Encoding Human Priors: Data Augmentation and Prompt Engineering

Slides: [pdf, pptx]

This lecture covers encoding human priors into machine learning models through data! Two popular ways are data augmentation for training data, and at test-time with large language models (LLMs) using prompt engineering.

This lecture is structured as follows:

  1. ML models fail in simple ways: encoding human priors, overfitting/underfitting
  2. Human priors to augment training data: data augmentation, types of augmentation
  3. Human priors at test-time (LLMs): prompt engineering, context matters, correcting input data

ML Models Fail in Simple Ways

First, let’s start with why this all matters. ML models, if you played with them outside a perfectly manicured ML class environment, will fail in sometimes seemingly simple ways. They seem not just simple, but often silly or stupid to us at first glance. For example, a model that is trained on pictures of dogs that are upright, won’t recognize a sideways rotated dog!

Model misclassifying a rotated dog

That seems ridiculous. But that’s because we know something that the model doesn’t. We know that dogs, while often upright, are sometimes rotated too. We didn’t gather the data because we didn’t think that would be a problem. But we took that for granted. That, in essence, is an example of a human prior.

Human priors. They are prior knowledge we have about the world, about the data, about the task. And we often take them for granted, like the rotated dog.

In the case of the rotated dog, it’s a special type of human prior that is particularly useful. That’s an invariance. Basically a change to the input data that doesn’t change its output. This is useful because we can find smart ways to encode them in the input training data without needing to gather more data.

Encoding — what does that mean? It just means finding a function to represent the invariance. So for rotating the image, it’s just a function for rotation.

Specifically, we’re looking at adapting the data today. It’s a very effective place to be doing this and much easier than making architectural or loss function adaptations. It’s a common technique that we ML researchers and practitioners all do.
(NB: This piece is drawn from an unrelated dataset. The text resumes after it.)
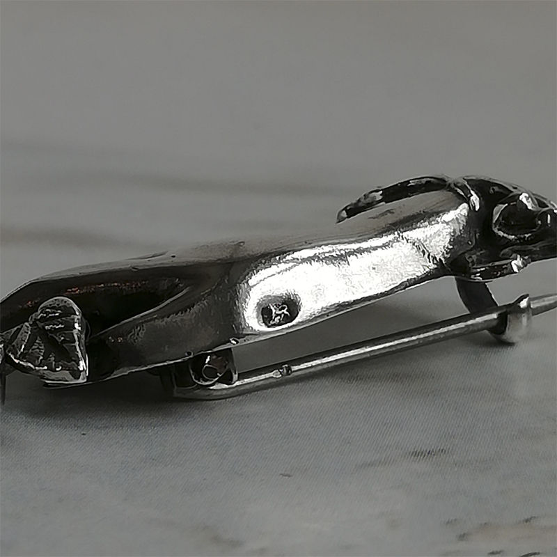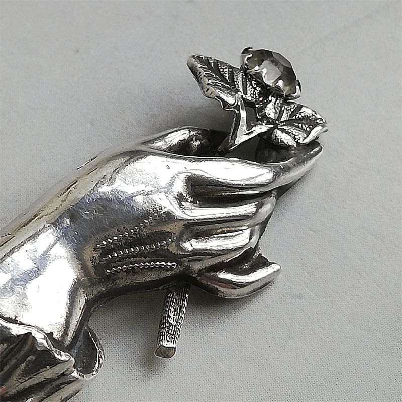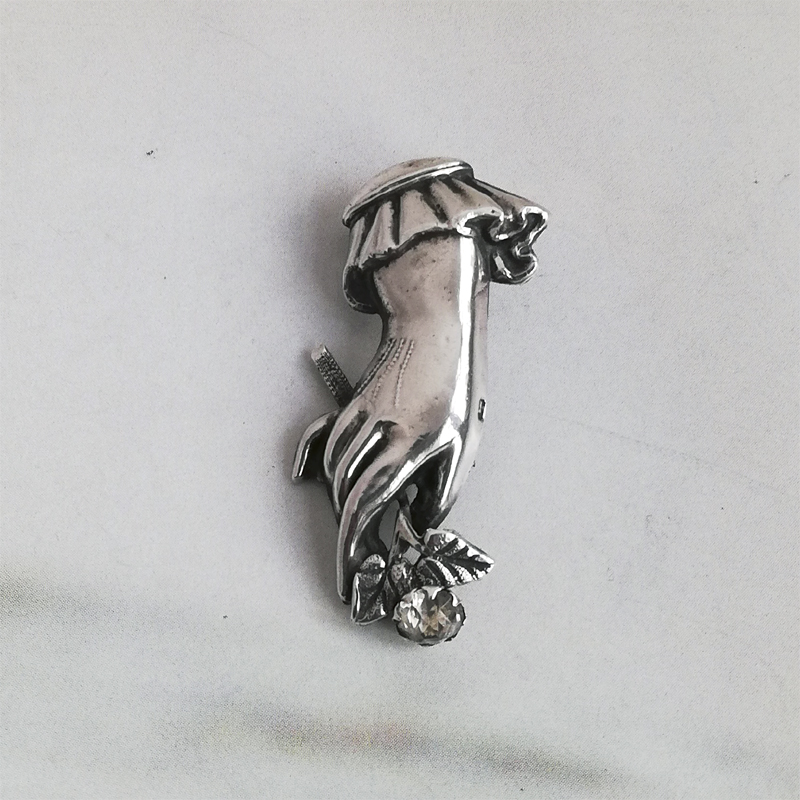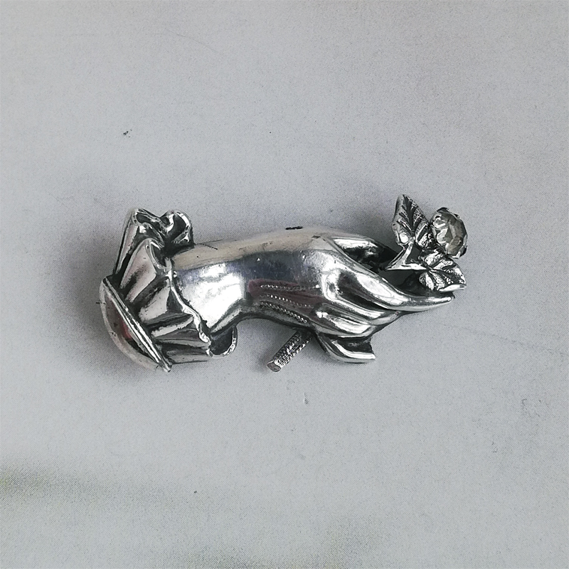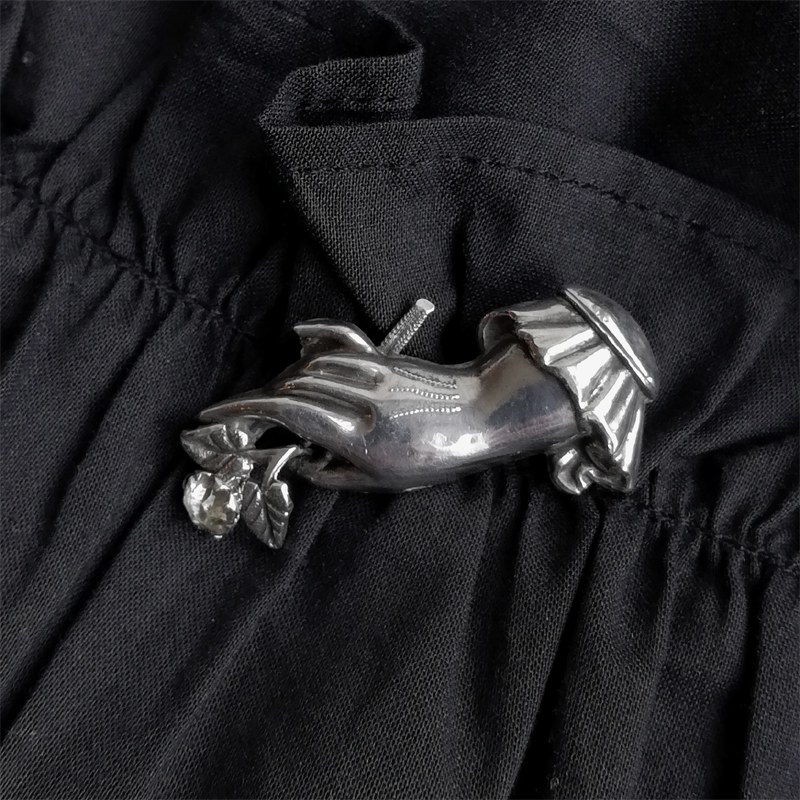 ヴィクトリアンハンドのブローチは黒い素材を使ったモーニングブローチが多い中、純銀製のものは珍しいと言えるでしょう。

Model correctly classifying a rotated dog

So with rotated dogs, we get a model that can detect dogs when rotated too. It’s not as simple as just rotating a few dogs. You have to literally do a few, not all of them, and it’s more of an empirical task of figuring out how much of your data you should flip or not to get the desired result.

In more technical language, this touches on the problem of overfitting. When a model overfits, it overindexes on the features it has seen a lot of and starts to memorize patterns as opposed to learning and generalizing. This is also relevant to underfitting as underfitting often means a lack of data in the first place, so adding more data when collecting that data is hard can be very valuable.

Overfitting vs underfitting

Human Priors to Augment Training Data

Data augmentation comes from the observation that collecting enough data is often very difficult. Sometimes, you think you have a lot of data but you actually don’t have enough coverage of certain classes. This is called class imbalance. Alternatively, you could have a lot of data, but since it’s skewed, biased, or simulated, it doesn’t actually generalize to your test set.

What data augmentation does is it enables you to add more data with the data you already have. This is an easy win to improve your model without needing to collect more data, when collecting more data is hard or expensive or time consuming. For example, if you are in a medical use case, you need labels from a doctor, that doctor might be extremely expensive.

As a concrete example, I had a case where we needed several board certified pathologists to be able to label our data and even then they didn’t always agree with each other. Getting their time and accurate labels over and over again (since we couldn’t necessarily get the labeling scheme right the first couple times) was really expensive and hard to coordinate, delaying the project for months if that wasn’t possible.

So what data augmentation can do is it enables you to encode your human priors over invariances that you know about in your data and you’re able to augment your dataset further, such as using flip and rotation on those dog pictures that you saw previously.

Now, those are pretty simple. There are far more advanced methods, such as Mobius transformations (Zhou et al., 2020). If you have classes, you can also use an effective method called Mixup, where you can mix your different classes together to be used as interpolated examples in alpha space (Zhang et al., 2017). What does that mean? If you have dog pictures and cat pictures, you can overlay these images together (e.g. by varying the alpha or A parameter in RGBA). For example, you can change the alpha of a cat image to 60% and the dog image to 40%. You’d get a blended cat-dog, and as a human, you’d agree that there is a cat and dog in it. Then, you could actually change your class label to be 60% cat and 40% dog for your model to predict. You can vary this however you want across your data to produce more training examples with precise labels. This is actually a very effective technique and used pretty widely now.

Mixup

Data augmentation can also be taken to the extreme of synthetic data augmentation. This means using the data you already have, you can even train a model to generate more of that kind or class of data. For this, you can train your own model or you can use foundation models, such as DALL-E or Stable Diffusion in the image scenario, to generate more data from them. Just know that you have to think about how this impacts your test set, if the foundation model has been trained on samples in your test set.

Data augmentation can also be useful for robotics. Because it is so expensive to run experiments in the physical world, we often use simulation to train robotics algorithms. So, we can transfer styles from a simulated environment into the styles of a real environment using a generative model. In this case, this was work from Google on RetinaGAN (Ho et al., 2020).

RetinaGAN

Data augmentation works across a lot of different modalities. It’s not just on images. For text, there’s a really interesting technique called back-translation, where you can take an English sentence, such as “I have no time”, and use a translation model into French (“je n’ai pas le temps”), then translate back into English for “I don’t have time.” What’s really interesting is now your translation back into English aren’t in the same words that you used before, but it has the same meaning. So you can use this new example as augmentation on your data set to help the model understand different ways of phrasing the same thing, and avoid overfitting on the original example. Of course, you can use this on any source and target languages.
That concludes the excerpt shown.